The U.S. imported a total of 693 million gallons of biodiesel in 2016, of which almost two-thirds, or 444 million gallons, came from one country, Argentina.
In comparison, U.S. domestic production of biodiesel was 1.566 billion gallons in 2016. It is also interesting to observed timing of the boom in biodiesel imports during 2016. Imports skyrocketed in the second half of the year, precisely the period when biodiesel prices and profits reached their maximum in previous years (2011 and 2013) when the tax credit expired.
It is helpful to aggregate the profit margins over an annual horizon in order to see broader trends in estimated biodiesel production profits. Figure 4 shows total annual (pre-tax) profits net of variable and fixed costs for each calendar year between 2007 and 2016.
Profits are presented in terms of both total pre-tax net returns and percent return to equity. The total profit in 2016 was $5.8 million, or 24.7 percent. While this was certainly a welcome return to positive returns for the biodiesel industry, as noted above, profits were much higher in 2011 and 2013.
We can use the average net profit for the representative plant to make a rough estimate of the loss for the entire U.S. biodiesel industry in 2016. Assuming all plants in the industry earned a net profit of $0.19 per gallon, then, total biodiesel production (excluding renewable diesel) for the U.S. in 2016 of 1.566 billion gallons implies aggregate industry (pre-tax) profits of $298 million.
Finally, the percent return to equity holders provides useful information on the attractiveness of investment in biodiesel plants relative to other investments. The average return was 10.5 percent over 2007-2016 and the standard deviation, a measure of risk, was 30.2 percent.
By comparison, the average return for the stock market over this period, as measured by the S&P 500, was 8.6 percent and the associated standard deviation was 18.6 percent. The ratio of average return to standard deviation provides one measuring stick of an investment’s return-risk attractiveness, and on this measure the ratio for biodiesel investment, 0.35, is lower than the stock market as a whole, 0.46.
The relative riskiness of biodiesel investment is not surprising given that over 80 percent of the positive profits earned by biodiesel plants occurred in only three years (2011, 2013, and 2016).
Biodiesel production profitability moved back into the black in 2016 for the first time since 2013. Profit after all variable and fixed costs for a representative plant in 2016 is estimated to average $0.19 per gallon. The return to profitability followed the script of previous years, like 2011 and 2013, when the biodiesel tax credit expired at the end of the calendar year.
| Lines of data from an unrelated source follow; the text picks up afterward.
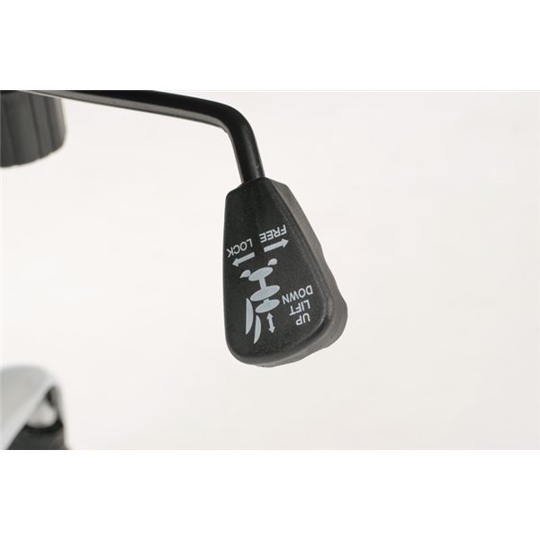 通気性の良いメッシュ生地を使用したオフィスチェア。肘にはクッションが付いた跳ね上げ式。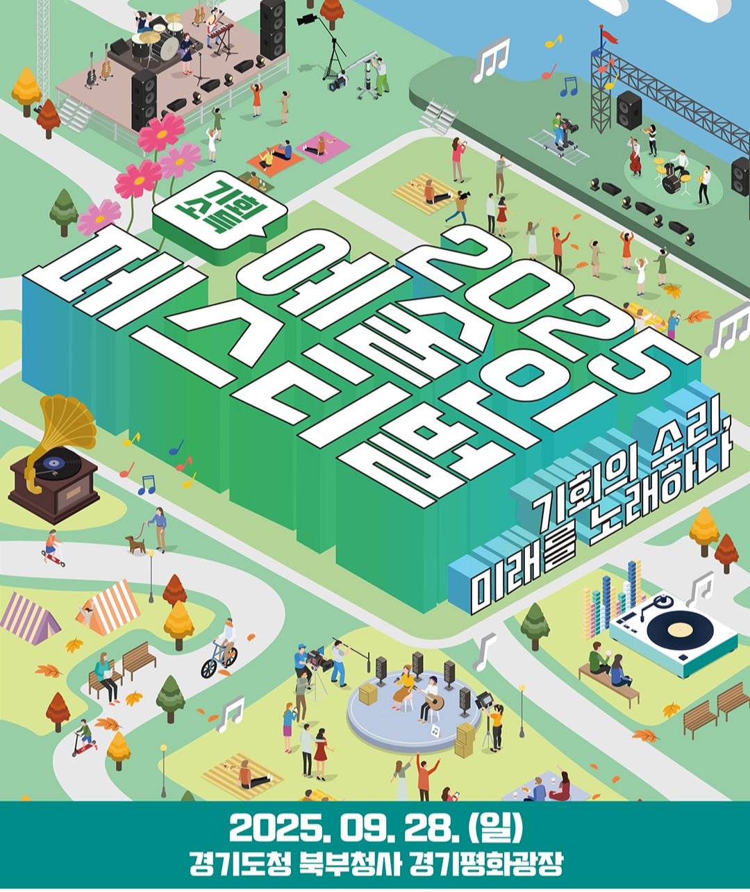 2025년 기회소득 예술인 페스티벌의 두 번째 공연이 오는 9월 28일(일) 오후 3시부터 4시 30분까지 의정부 경기도청 북부청사 경기평화광장에서 개최됩니다.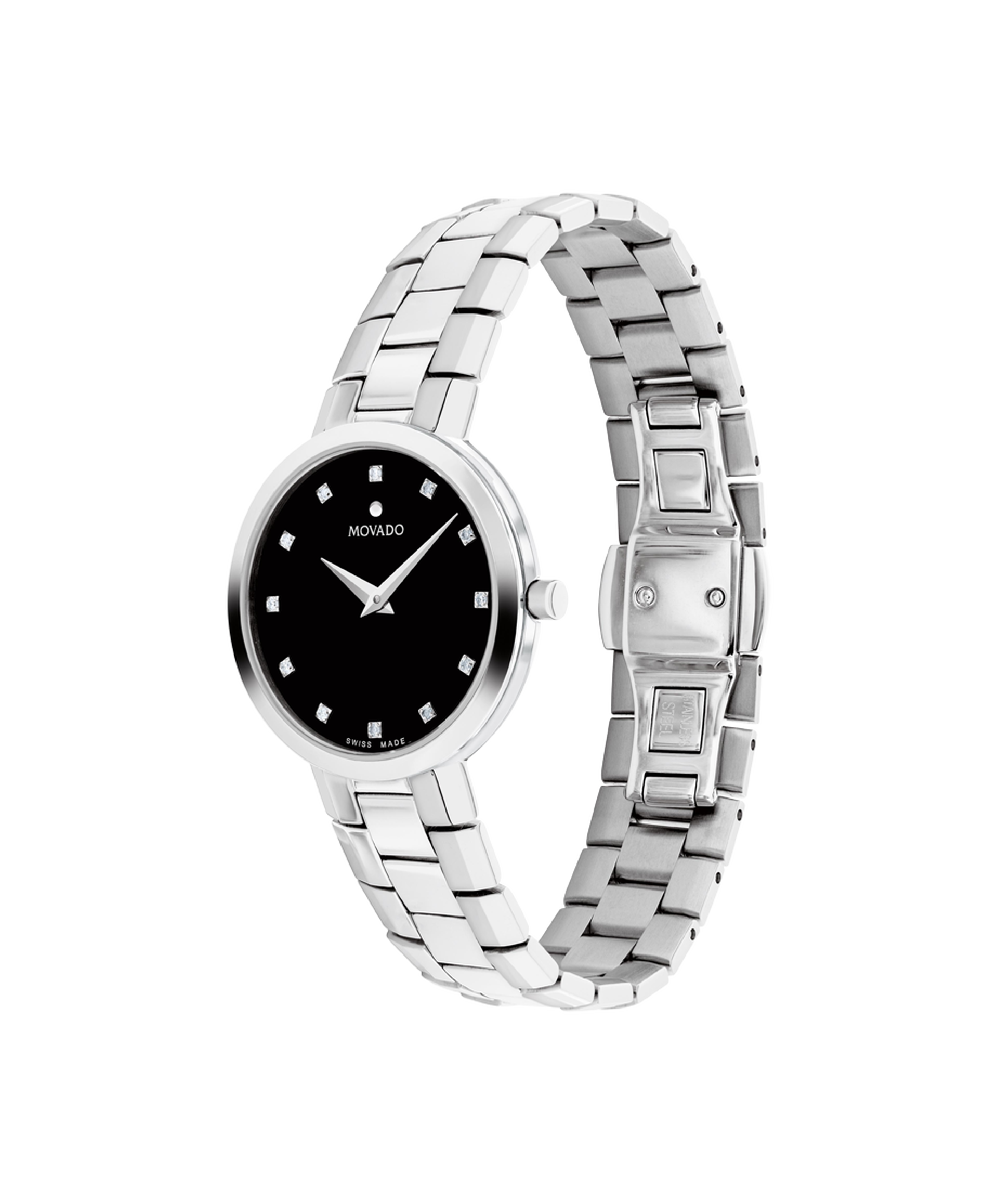 The Faceto represents the height of modern luxury. This 28mm watch features a black enamel dial with diamond hour markers, and steel dauphine hands.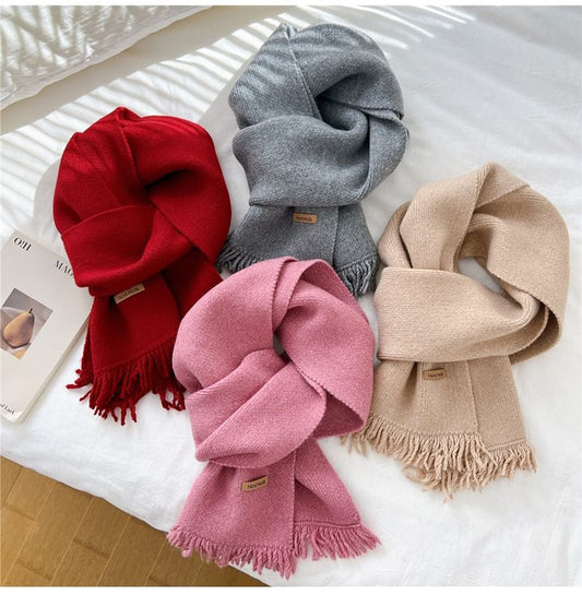 Lettering Applique Fringed Knit Scarf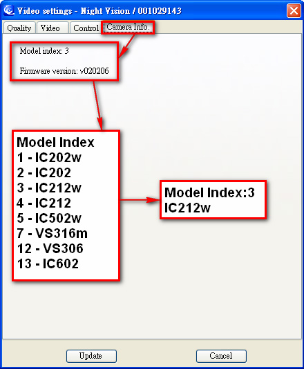 The “Camera Info” is on the “Video Settings” of CamView for each network camera.
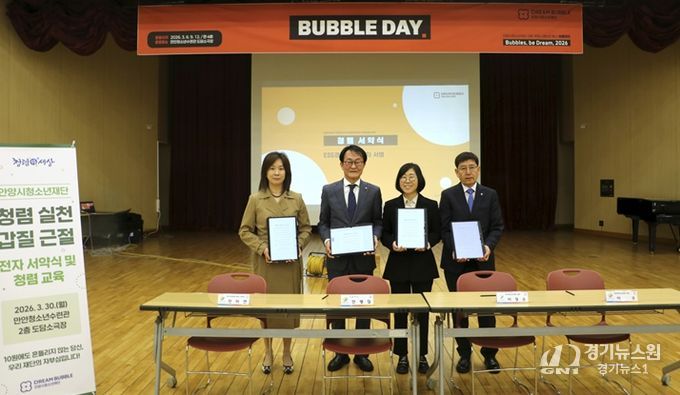 [경기뉴스원/경기뉴스1] | 안양시청소년재단은 지난 30일 만안청소년수련관 도담소극장에서 전 직원을 대상으로 내부 커뮤니케이션 행사 ‘버블데이(BUBBLE DAY)’를 운영하며 조직 소통과 청렴문화 확산에 나섰다.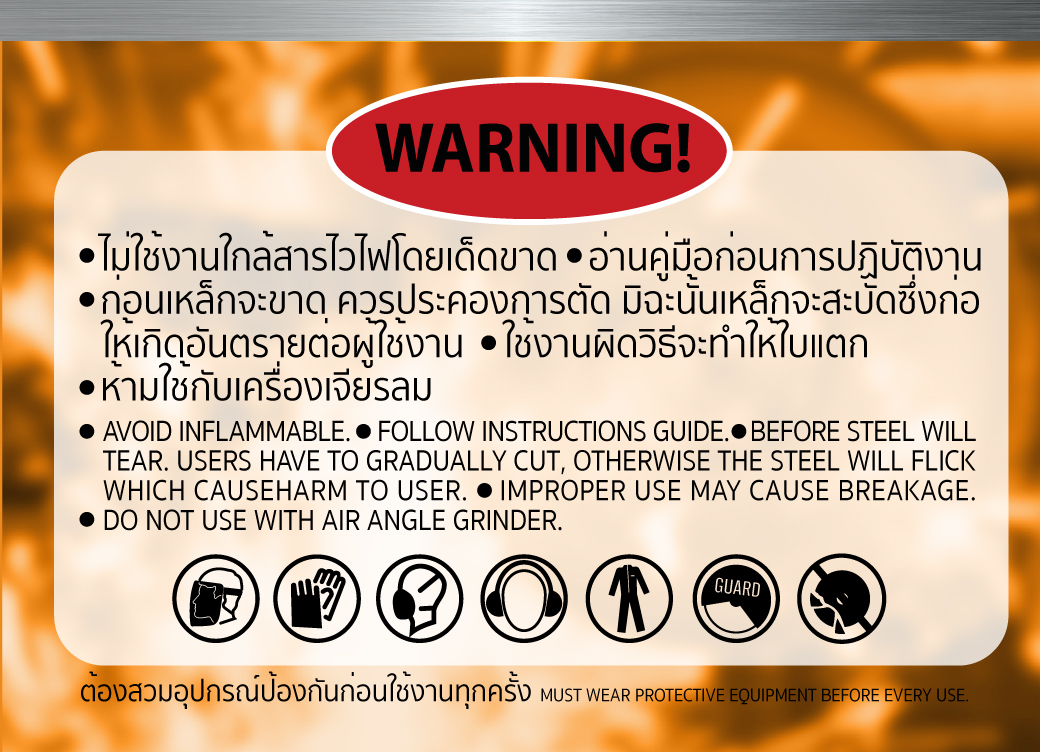 • สำหรับสินค้าประเภทใบตัด จะมีข้อแนะนำด้านความปลอดภัย คำเตือน และข้อจำกัดการใช้งานแสดงบนฉลากสินค้าอยู่แล้ว แต่เนื่องจากฉลากบนสินค้ามีพื้นที่จำกัด จึงไม่สามารถใส่รายละเอียดทั้งหมดลงไปได้ ดังนั้นผู้ใช้งาน จำเป็นต้องอ่านและปฏิบัติตามข้อแนะนำทั้งหมดที่อยู่บนฉลาก กล่องและลังของสินค้าให้ละเอียดครบถ้วนก่อนการใช้งาน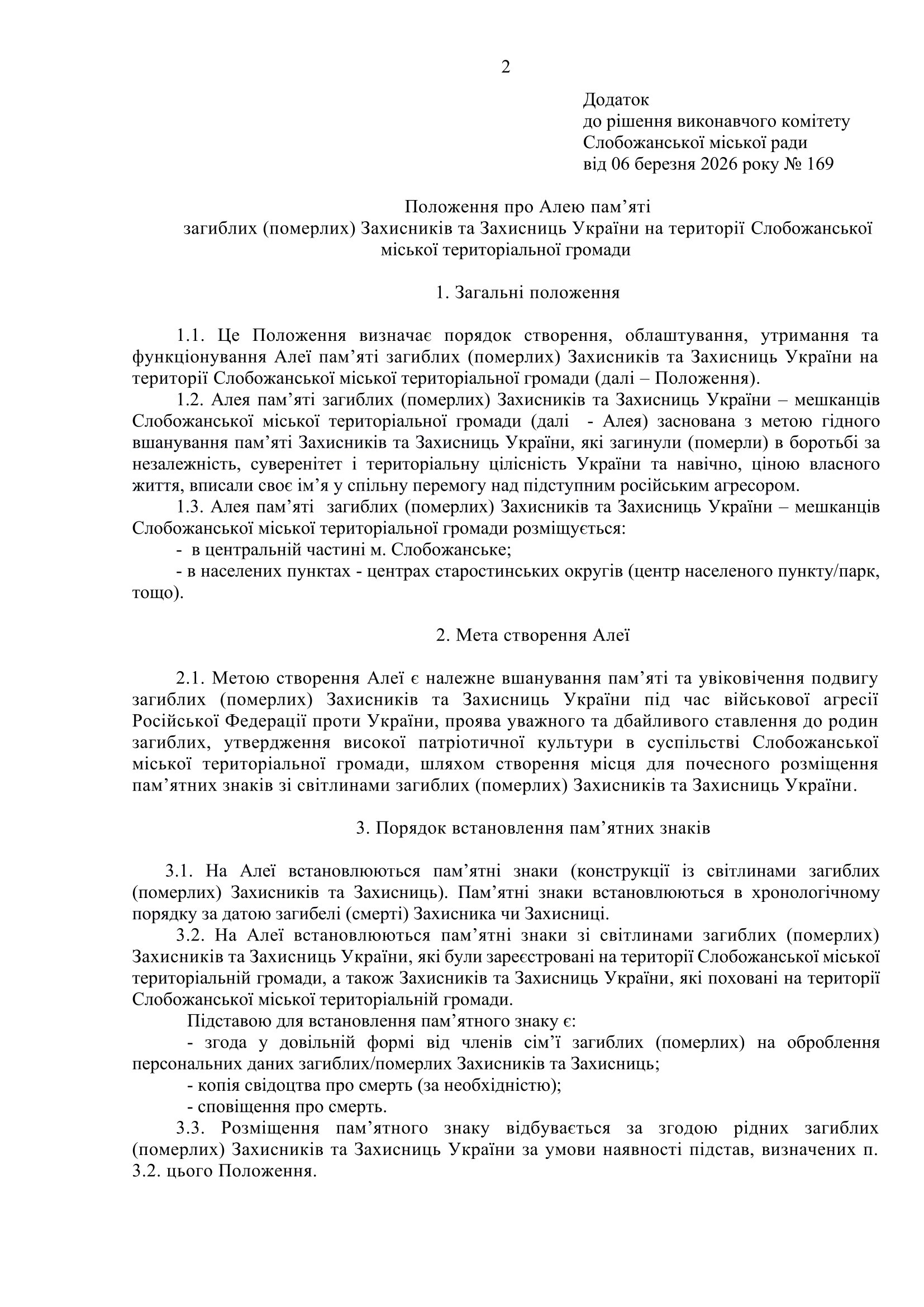 Рішення виконавчого комітету №169 Про затвердження Положення про Алею пам’яті загиблих (померлих) Захисників та Захисниць України на території Слобожанської міської територіальної громади.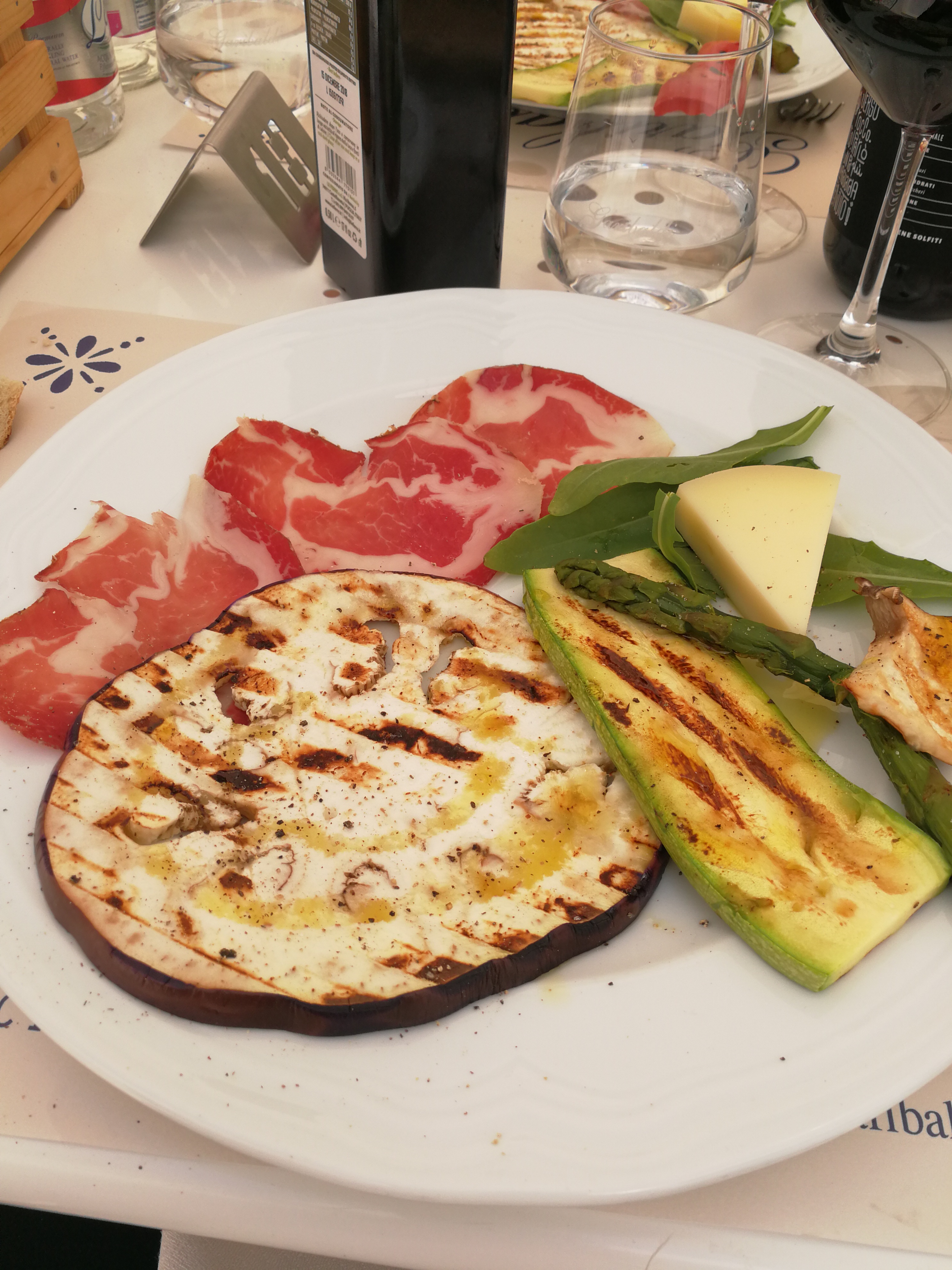 Aussi connu sous le nom de Garibaldi Bistrot. Sur la belle grande place de Martina Franca, sous un grand parasol, nous avons profité d’une excellente cuisine de trattoria. En entrée, nous avons partagé une assiette de charcuterie et une assiette de légumes grillés, puis j’ai pris un plat de pâtes aux asperges et à la burrata.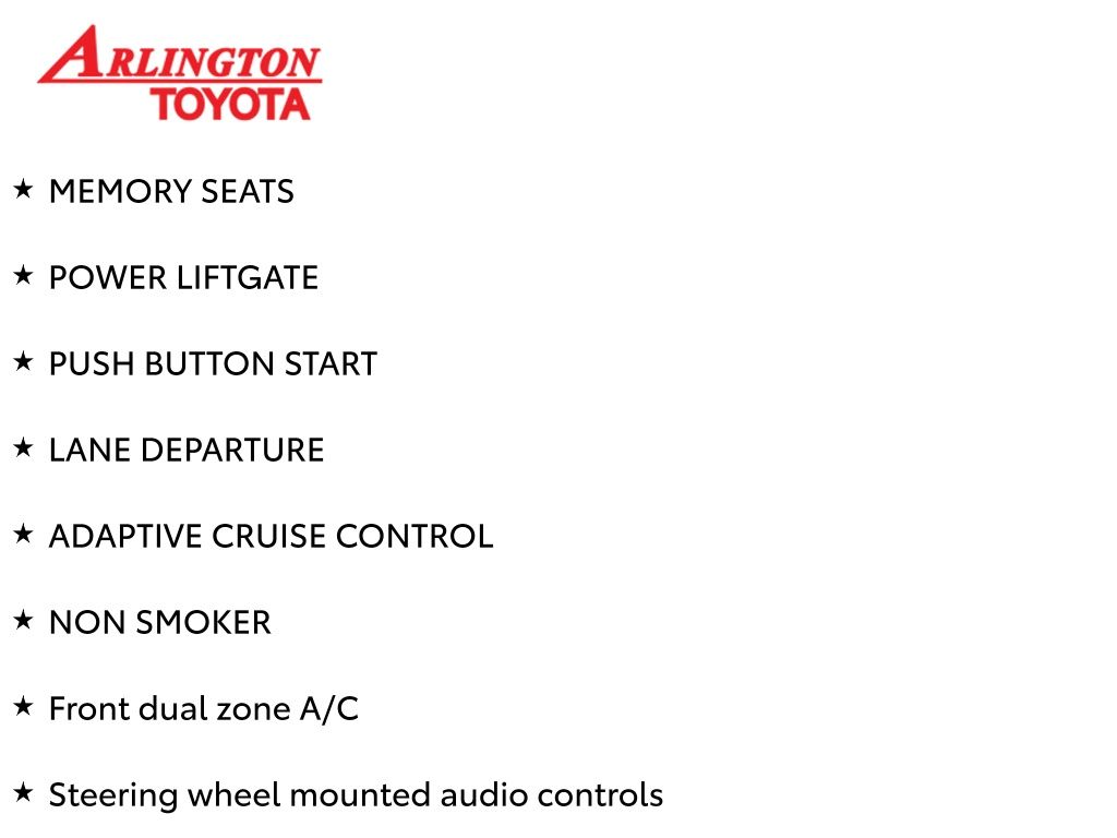 Prices do not include tax, tag, title, a pre-delivery service fee* of $894.00, an electronic registration filing fee* of $199.00 (*these charges represent costs and profits to the dealer for items such as inspecting, cleaning, and preparing documents related to the sale), and an Arlington Toyota Total Value Package of $1,889.00 (*these charges represent costs and profits to the dealer for items such as inspecting, cleaning, and preparing documents related to the sale). The final price is also subject to repair order reconditioning costs. Any price does not include dealer-installed accessories. All offers are mutually exclusive. All vehicles are subject to prior sale. See dealer for complete details.

Such spikes make sense because diesel blenders face a binding RFS biodiesel mandate and they can effectively purchase biodiesel at a discount in the current year, due to the tax credit, in order to meet mandates in later years.
What is interesting about the 2016 version of this cycle is that it was much smaller than in 2011 and 2013. A surge in biodiesel imports into the U.S. is the most likely explanation for the diminished 2016 spike. In particular, imports skyrocketed in the second half of the year, precisely the period when biodiesel prices and profits reached their maximum in previous years (2011 and 2013) when the tax credit expired.
Looking forward to 2017, further developments on the policy front will likely be required to keep the biodiesel industry in the black. The most positive scenario entails conversion of the biodiesel tax credit from a blender to a producer credit, which would effectively limit biodiesel imports to the U.S.
This change, along with an expanding advanced RFS mandate, would likely eliminate the current slack production capacity of the U.S. biodiesel industry, which would likely provide a major boost to profitability.